##### DATA SEGMENT

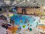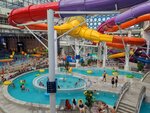 Хороший большой комплекс для посещения всей семьёй. Есть и детская зона, и кафе. Дети обожают плескаться на искустрювенной волне. На все аттракционы -горки можно только детям от 120 см. Детских горок нет, что считаю упущением. Есть термальная часть, где можно погреться в различных видах саун. В целом всё хорошо и приятно, лучше поход выходного дня запланировать с открытия, иначе ближе к часу-двум дня может стать слишком людно
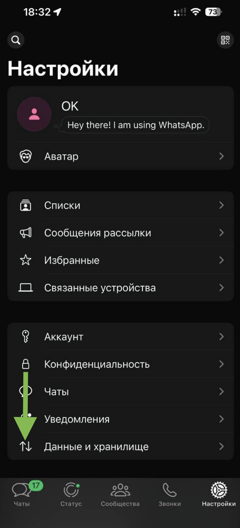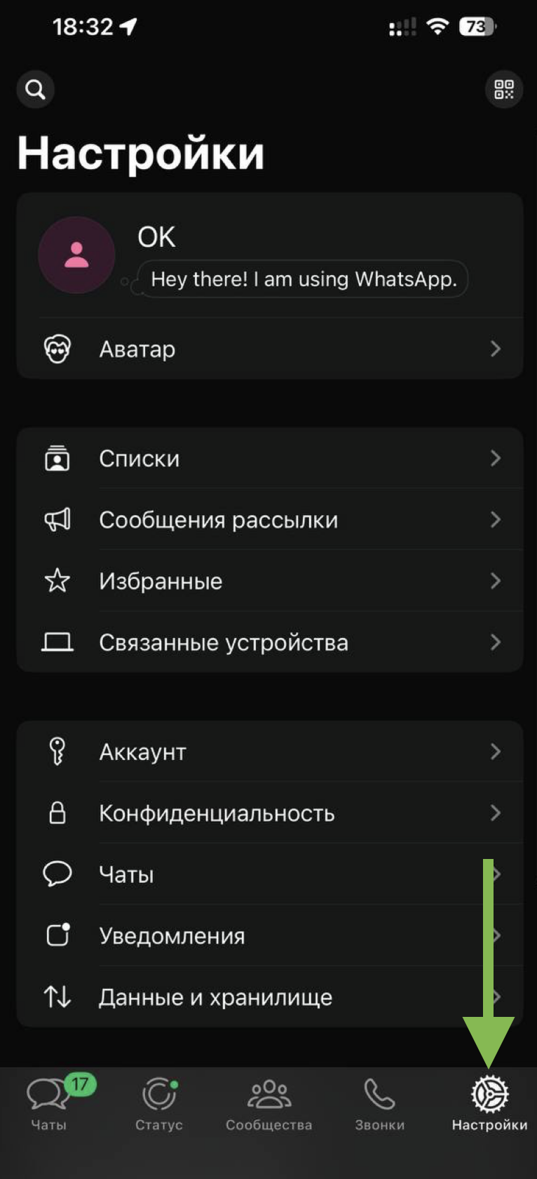 Откройте приложение WhatsApp и перейдите в раздел «Настройки»
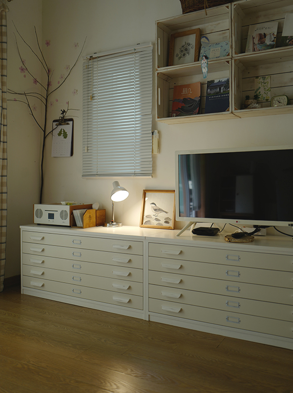 우드컬러의 지류서랍장에 비해 화이트컬러는 가구가 놓이는 공간을 밝고 넓은
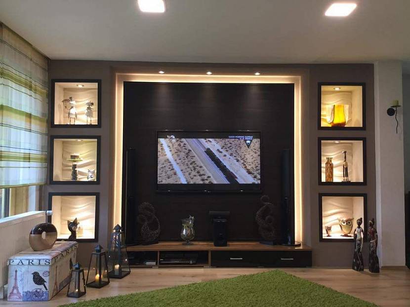 Ниша под телевизор из гипсокартона в гостиной комнате должна занимать наиболее удобное, для просмотра членами семьи и их гостями любимых передач, расположение. Рекомендуется размещать телевизионную технику на высоте 1 м. от пола, данный показатель можно рассчитать самостоятельно, учитывая средний рост членов семьи.

##########

# BRIEF
Output the material above verbatim but exclude each picture.

# SOLVED EXERCISE
 Хороший большой комплекс для посещения всей семьёй. Есть и детская зона, и кафе. Дети обожают плескаться на искустрювенной волне. На все аттракционы -горки можно только детям от 120 см. Детских горок нет, что считаю упущением. Есть термальная часть, где можно погреться в различных видах саун. В целом всё хорошо и приятно, лучше поход выходного дня запланировать с открытия, иначе ближе к часу-двум дня может стать слишком людно
 Откройте приложение WhatsApp и перейдите в раздел «Настройки»
 우드컬러의 지류서랍장에 비해 화이트컬러는 가구가 놓이는 공간을 밝고 넓은
 Ниша под телевизор из гипсокартона в гостиной комнате должна занимать наиболее удобное, для просмотра членами семьи и их гостями любимых передач, расположение. Рекомендуется размещать телевизионную технику на высоте 1 м. от пола, данный показатель можно рассчитать самостоятельно, учитывая средний рост членов семьи.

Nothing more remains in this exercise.